** Opening Provided data block **

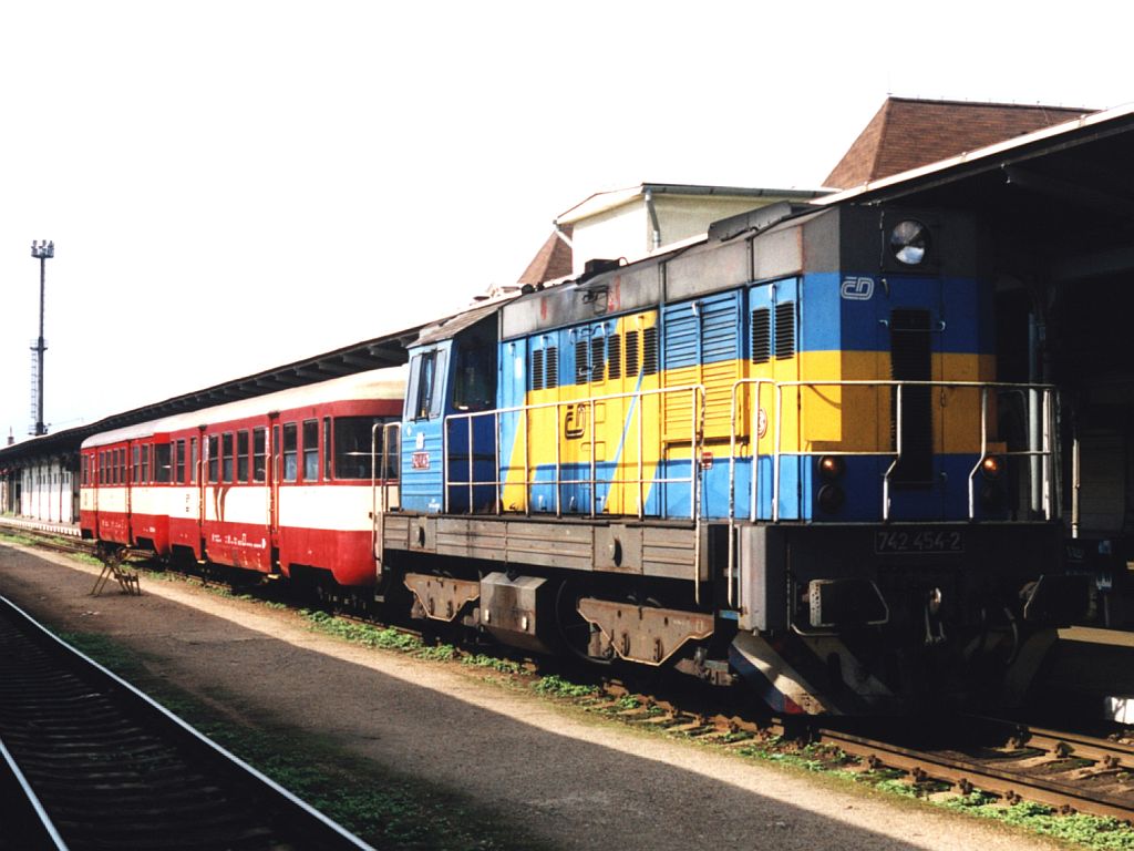 742 454-2 und zwei Beiwagens von die Triebwagens der BR 820 (020 284-6 und 020 001-4) mit Os 5403 Liberec-Jaromer auf Bahnhof Liberec am 20-7-2005. Bild und scan: Date Jan de Vries. Date Jan de Vries
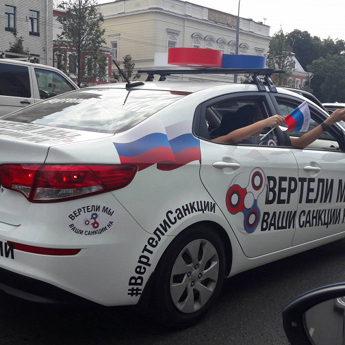 По Москве проехала колонна автомобилей с надписями «Вертели мы ваши санкции на»
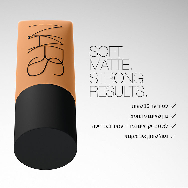 גלי סיפוק לאורך כל היום עם מייק-אפ מאט פורץ דרך: גוון צבע הנשאר ועמיד בפני התחמצנות. כיסוי מלא שנראה טבעי לחלוטין. נוחות למשך 16 שעות. מכיל תרכובת נוגדת חמצון בלעדית של NARS אשר מונעת מהגוון להתחמצן ומגנה עליו מפני נזקי הסביבה ואור כחול. תרכובת ייחודית מאזנת את יצור עודפי השומן בזמן שהיא מעניקה הזנה משולבת אצות וחומצה הילרואנית. פודרות שנבחרו בקפידה סופחות שומן ויוצרות עור חלק ומאוזן. מספק. המאט החדש. זמין ב-34 גוונים לכל גווני העור. עמיד בפני חמצון. אינו מכתים. מאט מתמשך.
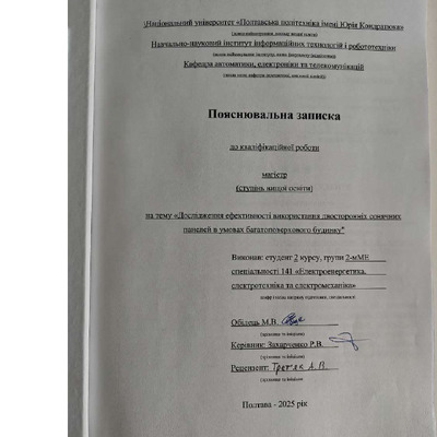 Дипломна робота 2026/04/02Дослідження ефективності використання двосторонніх сонячних панелей в умовах багатоповерхового будинку
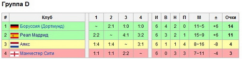 Группа D. Манчестер Сити – Реал Мадрид 1:1 (Бензема, 10)

** Closing Provided data block **

→ Directions:
An exact copy of the listing is required, with every image removed.

→ Result for this exercise:
 742 454-2 und zwei Beiwagens von die Triebwagens der BR 820 (020 284-6 und 020 001-4) mit Os 5403 Liberec-Jaromer auf Bahnhof Liberec am 20-7-2005. Bild und scan: Date Jan de Vries. Date Jan de Vries
 По Москве проехала колонна автомобилей с надписями «Вертели мы ваши санкции на»
 גלי סיפוק לאורך כל היום עם מייק-אפ מאט פורץ דרך: גוון צבע הנשאר ועמיד בפני התחמצנות. כיסוי מלא שנראה טבעי לחלוטין. נוחות למשך 16 שעות. מכיל תרכובת נוגדת חמצון בלעדית של NARS אשר מונעת מהגוון להתחמצן ומגנה עליו מפני נזקי הסביבה ואור כחול. תרכובת ייחודית מאזנת את יצור עודפי השומן בזמן שהיא מעניקה הזנה משולבת אצות וחומצה הילרואנית. פודרות שנבחרו בקפידה סופחות שומן ויוצרות עור חלק ומאוזן. מספק. המאט החדש. זמין ב-34 גוונים לכל גווני העור. עמיד בפני חמצון. אינו מכתים. מאט מתמשך.
 Дипломна робота 2026/04/02Дослідження ефективності використання двосторонніх сонячних панелей в умовах багатоповерхового будинку
 Группа D. Манчестер Сити – Реал Мадрид 1:1 (Бензема, 10)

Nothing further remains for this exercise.